Just Another Week at the Office




I didn’t take any photos again this week, so these are just random photos taken over the past couple of months. One is just Brady Hearn’s sweet face as he poses for a picture for his mama. The other two are of a bush turkey we frequently see in the park across the street from the house, and of me at the office. I trust you can tell which is which.

Australia takes very seriously the concept of holidays. Apparently much of the construction industry takes a month off around Christmas and New Year’s Day. They use the word “breakup” here much more broadly than we do, to mean the end of pretty much anything, and it’s common to have a party to celebrate the breakup. So we had three breakup parties this past week, one for each of our three main regions, for our member builders to celebrate the end of the year’s construction season. We’d work at the office until about 2pm, then head off to the Sunshine coast beach one day, the Gold Coast beach another, and a park on the banks of the Brisbane river the third day, to enjoy cold drinks, prawns (shrimp), chips and nuts with our Trade Alliance members and suppliers until 6:30pm or so.
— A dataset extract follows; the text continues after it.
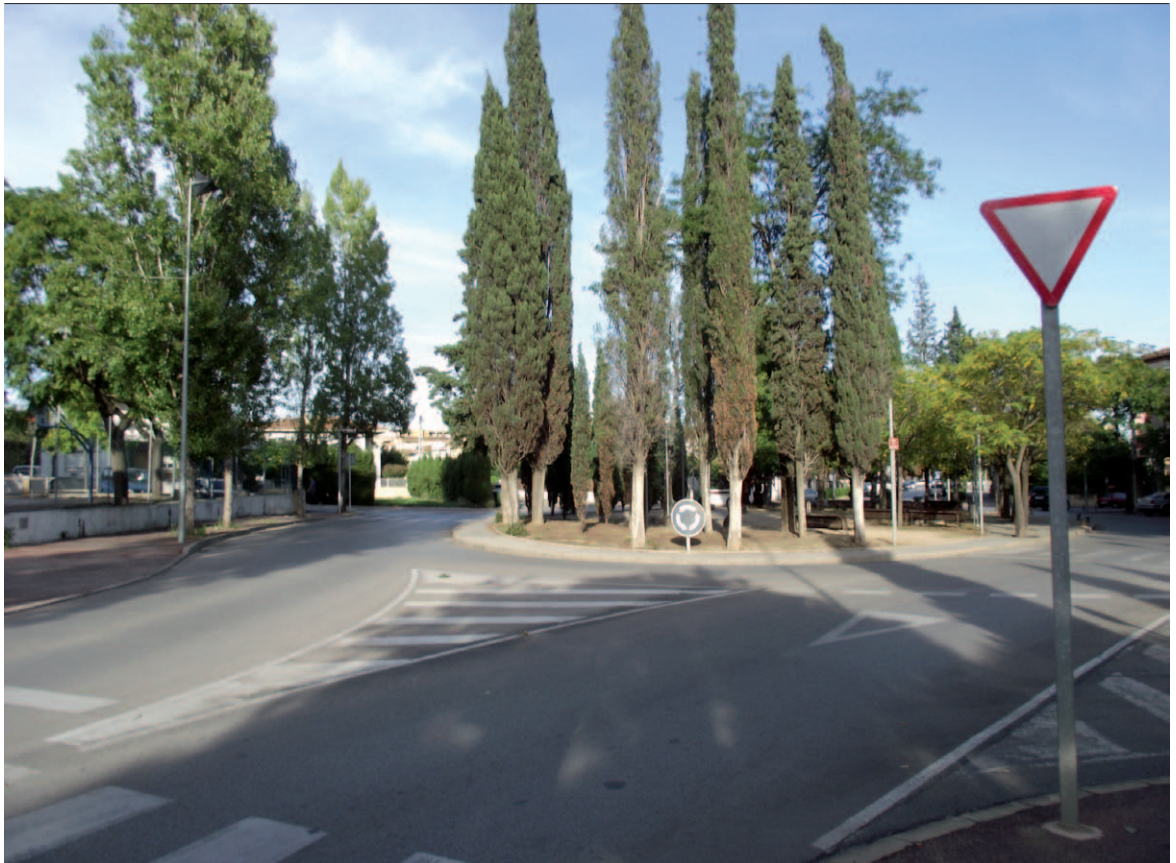
La plaça de Sant Pere actualment
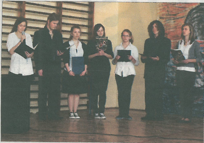
Uczniowie Gimnazjum nr 2 w Dąbrowie zaprezentowali program „Misterium Krzyża”.

That’s how I spent Thursday, November 23, which would have been Thanksgiving if we had been in the United States.

They don’t celebrate Thanksgiving as a holiday here, and it’s kind of weird experience. The bush turkey roams the park, completely oblivious to the fact that he’s delicious. This may have been the first time in our lives that we haven’t spent Thanksgiving Day with extended family, eating Turkey, forcing down a bite of canned cranberry sauce, and watching parades and football on TV. And of course, the day after Thanksgiving is when we always put up our Christmas decorations and it was officially the Christmas season. There are just no clues like Thanksgiving and cold weather to clue you in that Christmas is just around the corner. Karen and Emmy fixed us a delicious traditional Thanksgiving dinner Friday night, so between that and three straight days of eating shrimp on the beach, it’s hard to complain.
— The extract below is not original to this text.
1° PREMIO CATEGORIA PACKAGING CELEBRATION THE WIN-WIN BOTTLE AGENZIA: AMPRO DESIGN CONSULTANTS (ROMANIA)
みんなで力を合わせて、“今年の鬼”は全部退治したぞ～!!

Karen has started substituting at a nearby school for mentally and physically disabled adolescent students. She got scratched and punched and kicked by a mentally retarded autistic 13-year-old girl on the first day. Karen was perfectly in her element. It’s her ideal job. She’s a strange and wonderful woman. Meanwhile, Kaylah just started working at the same store that Charlotte works at. Six people in our three-car household have jobs, so that should slightly ease the transportation challenges.

I preached last Sunday, and the messages I preach are always mostly to myself, so it was helpful to me, at least. Tomorrow, Roland’s mother and I will visit another Nazarene church on our tour. We’re having fun.